The RUC chefs cooked up an excellent lunch of Fajitas, with copious amounts of fruit and a never ending supply of cold drinks. Sitting down at the large communal tables a few places down from Jeff Emig, to my surprise I was lucky enough to be joined by Ricky Carmichael. That gave me the chance to chat with him about anything and everything. Approachable and friendly he was just happy chat, and on this rare occasion he actually had the time to do so. The last time I’d spoken to him was at the famous Matterley Basin MXDN where Everts rode around James Stewart on the pegs. He’d been injured just prior to the race and so was unable to ride. I was interested to hear how it might have gone had he been fit. With unwavering self-confidence he explained not only how he would have beaten Stefan with ease, but also the plan that he and James had hatched by which they both would have done so. Whilst the race itself was probably Everts’ finest ever performance, it’s difficult to argue with what might have been had Ricky been fit that day. There then followed a light hearted Q&A session in which all riders and guests were encouraged to ask the instructors a wide range of questions and a group photo shoot, before it was time to return to the track.
After lunch we moved onto the Carmichael corner clinic. Here we learned how to go fast by going slow, how to carve new tighter inside lines, how to protect the berms and how to brake correctly approaching turns. With the aid of cones and demonstrations we all focussed on what Ricky was teaching and soon started to get the hang of it. Like Fro before, his years of experience mean he is able to pass along his knowledge and techniques in a way that is fun and informal, but also memorable and effective.

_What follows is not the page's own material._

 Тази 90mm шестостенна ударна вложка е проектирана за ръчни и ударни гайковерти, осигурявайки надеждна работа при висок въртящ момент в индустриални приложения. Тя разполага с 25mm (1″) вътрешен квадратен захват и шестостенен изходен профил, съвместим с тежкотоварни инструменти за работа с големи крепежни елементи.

The final tutorial session saw us tackling a fast whoop section with Jamie Dobb. Jamie explained not only how to ride the whoops, but how to approach them from the corner before. With plenty of relevant examples of how for instance Jeffrey Herlings approaches the same kind of obstacle, it all made perfect sense. We practised under his watchful eye, as he took it in turns to pull in riders for extra advice and encouragement. Last ride of the day saw us back out on the full track for another free ride session, once again joined by RC and JD. Now was the time to put what we’d learned into practise, hopefully stringing together all the tips we’d learnt for each section into a smooth coherent lap. After a good long session on track it was time to pack up. I never did learn to whip it over the tabletop like RC, maybe he saves that for an advanced course.

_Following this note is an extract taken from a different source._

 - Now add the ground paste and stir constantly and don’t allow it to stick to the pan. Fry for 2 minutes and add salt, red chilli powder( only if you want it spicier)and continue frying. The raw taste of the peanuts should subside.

Then we all headed back to the pit area for the graduation ceremony where we were presented with certificates and free Fox backpacks stuffed with useful goodies and discounts for selected suppliers. Reflecting on the day I was extremely impressed. The access we had to the instructors was remarkable, it’s difficult to imagine any situation other than the RCU where they’d have so much time to discuss things and help with your riding. They were all faultlessly friendly, approachable and open on any subject. The atmosphere was brilliant and the tips I’ve learned will hopefully stay with me for ever. The trick now will be to practise these techniques enough, so that they move from my head into subconscious reactions. If I can achieve that, then it will have been worth all the expense and a lot more.